== Data extract

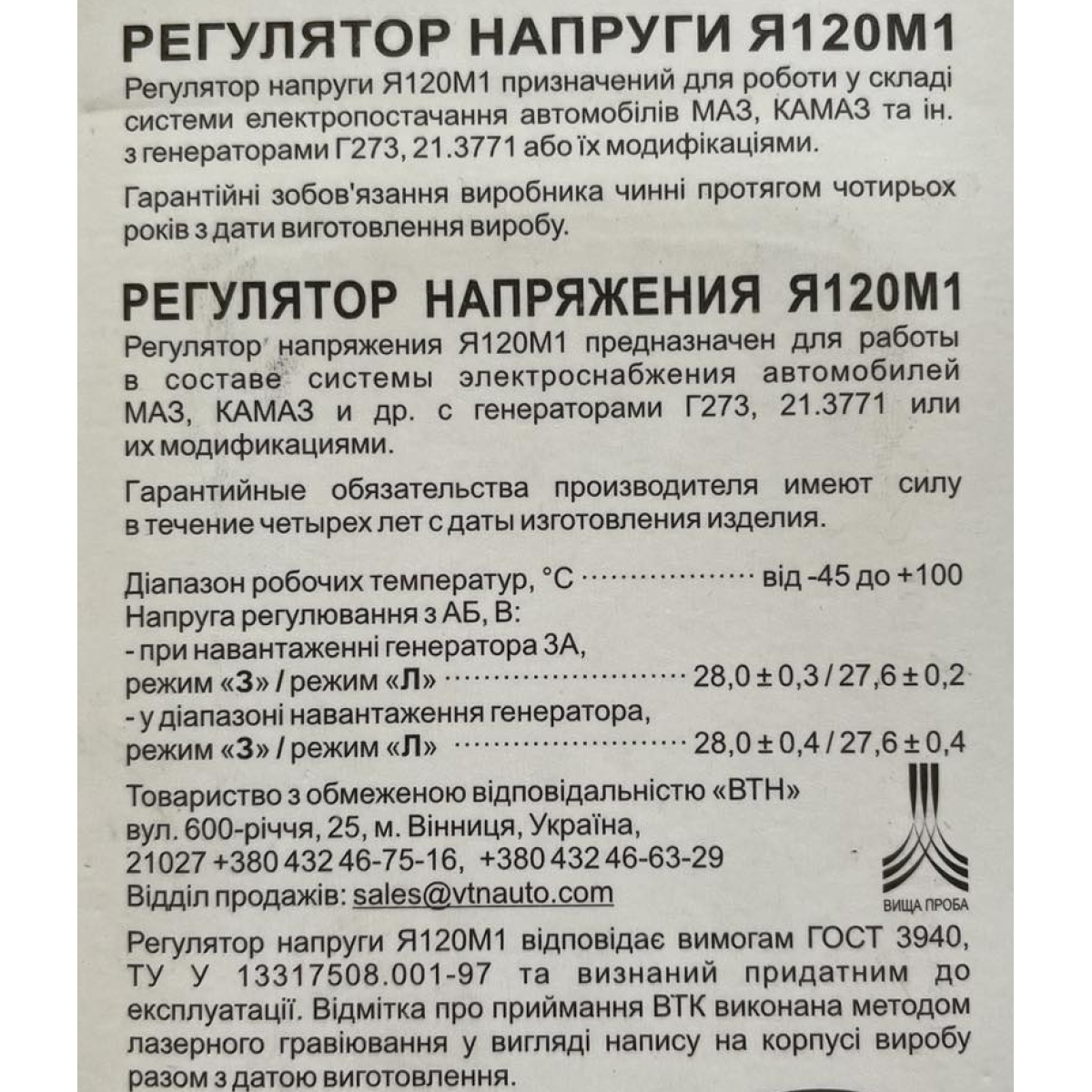 Реле інтегральне Я120М1 (28В,5А) ГАЗ, КАМАЗ, МАЗ, КРАЗ, ЛАЗ, ПАЗ, УРАЛ
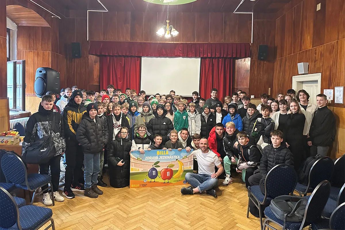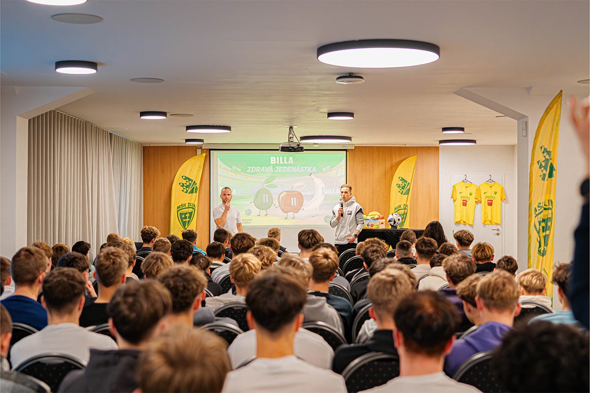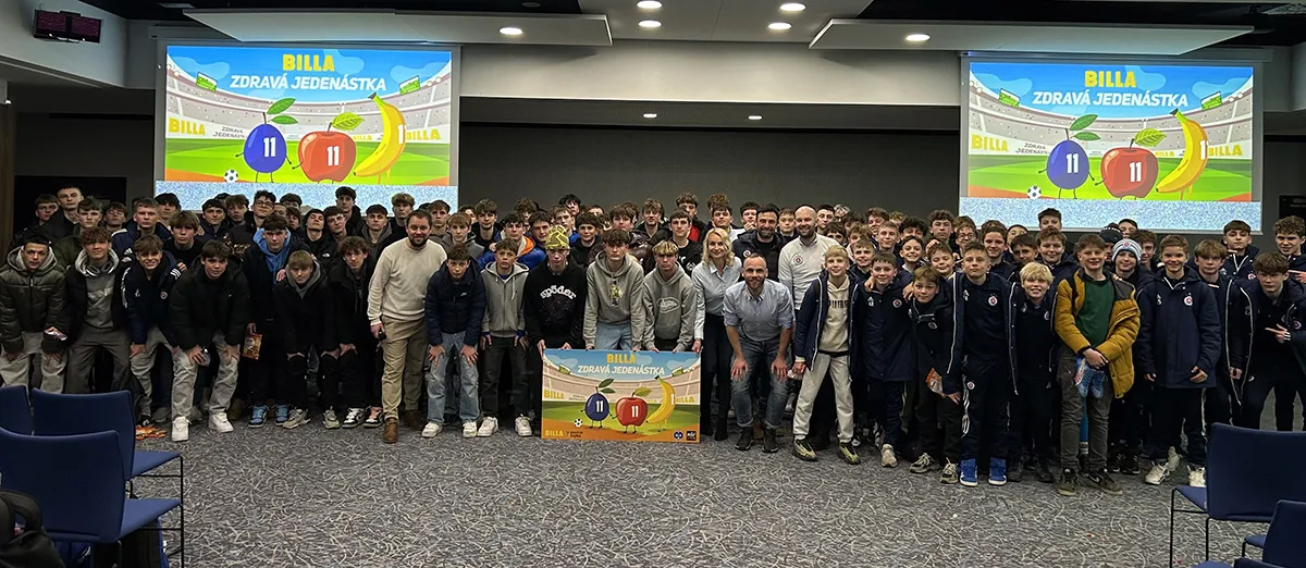 Kým profesionálni hráči okrem tréningu a rehabilitácie neopomínajú ani stravu a pitný režim, dospievajúce športovkyne a športovci sa vo výžive nie vždy správne orientujú. Spoločnosť BILLA, ktorá dlhé roky patrí medzi hlavných podporovateľov športu, pohybu a zdravého životného štýlu, preto prišla so zaujímavým konceptom interaktívnych workshopov ZDRAVÁ JEDENÁSTKA. V spolupráci s výživovým špecialistom Martinom Čupkom navštívila BILLA v januári aj mladé futbalové talenty v najúspešnejšom slovenskom klube – ŠK Slovan Bratislava. Športovci okrem odporúčaní o tom, ako vhodne zvolenou stravou zvýšiť rýchlosť a vytrvalosť, predchádzať zraneniam a podporiť imunitu či koncentráciu pri vyučovaní, dostali od spoločnosti BILLA aj čerstvé ovocie.
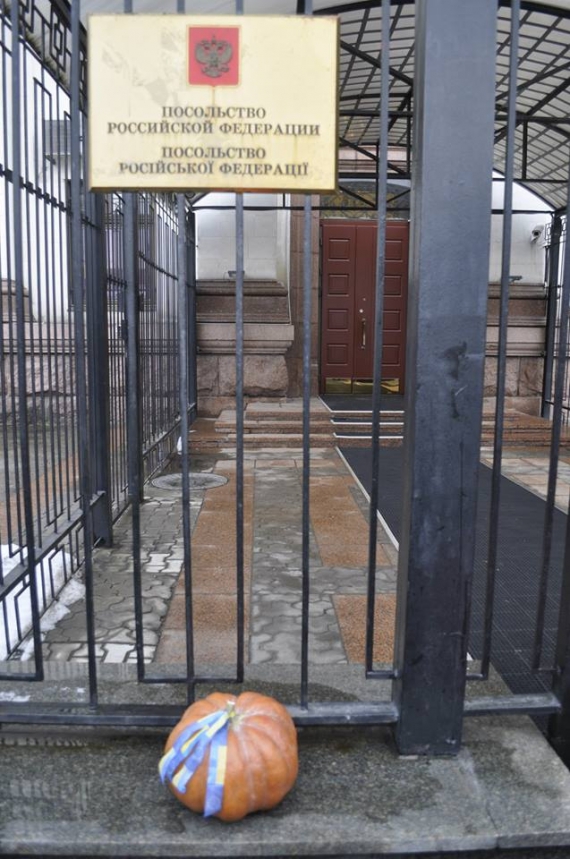 Близько 50 дівчат провели пікетування Посольства РФ, заспівали там народних пісень та залишили там свою однозначну відмову вступати до Митного Союзу - гарбуз, об'вязаний єврострічками.
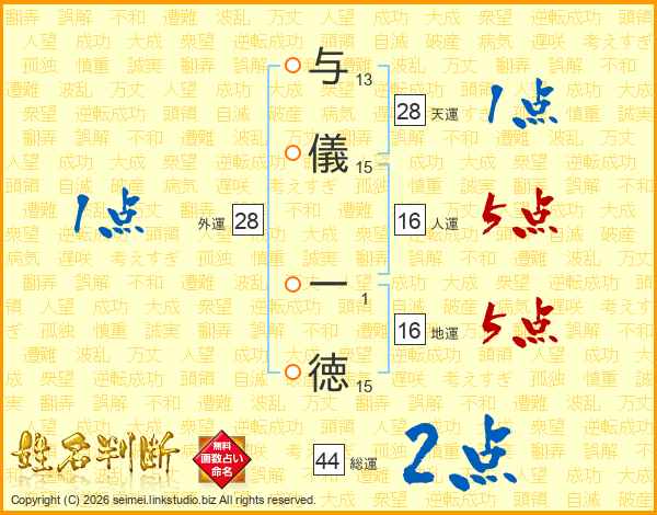 与儀一徳さんの総運は44画の2点!
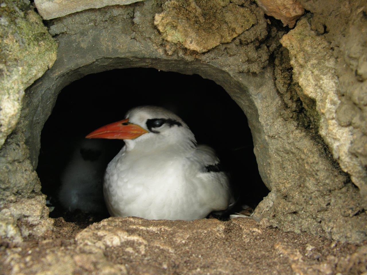 Nonsuch Island to the northeast of Bermuda at the eastern end of Castle Bay supports the largest populations of several rare, endemic and native plant species, and represents the largest single example of upland and coastal native forest without any significant introduced species. The Bermuda petrel or cahow Pterodroma cahow, thought to be extinct for 400 years, was rediscovered in the late 1940s nesting in tiny islets near here. Over some 65 years, intensive conservation action has protected and rebuilt the nests, culminating in the successful re-establishment of the species on the higher and larger Nonsuch. It supports also significant percentages of the world population of several other species, including the white-tailed tropic-bird Phaethon lepturus, the Bermuda skink Eumeces longirostris and the snail Poecilozonites circumfirmatus.
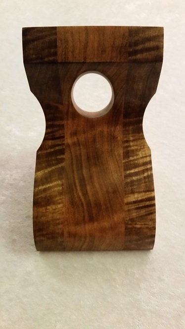 This inverted wine bottle holder is a great gift for any wine enthusiast. This piece was constructed with a solid cherry wood center and tiger striped maple wood on the right and left sides. The piece was stained in a provincial color and finished with a semi gloss lacquer. A set of care instructions is included with your purchase.Accessories
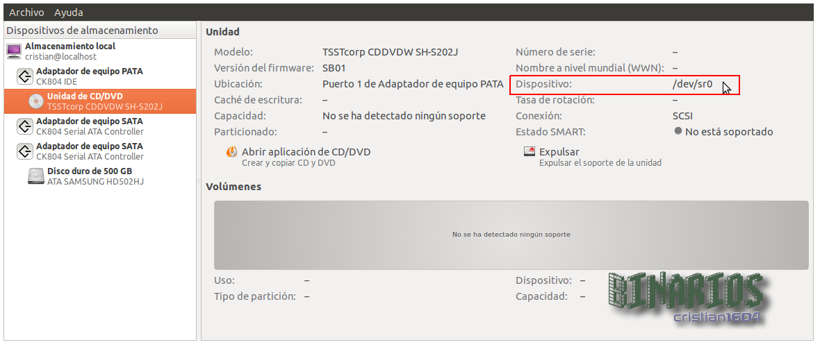 Allí seleccionar la unidad deseada, y buscar el nombre de dispositivo. En este ejemplo /dev/sr0

====

**Required work:**
Set down the lines from the one containing "This inverted wine" through the last line of the records above, both included, exactly as they appear and with no other text. Pictures should not be set down.

**Response to the exercise:**
 This inverted wine bottle holder is a great gift for any wine enthusiast. This piece was constructed with a solid cherry wood center and tiger striped maple wood on the right and left sides. The piece was stained in a provincial color and finished with a semi gloss lacquer. A set of care instructions is included with your purchase.Accessories
 Allí seleccionar la unidad deseada, y buscar el nombre de dispositivo. En este ejemplo /dev/sr0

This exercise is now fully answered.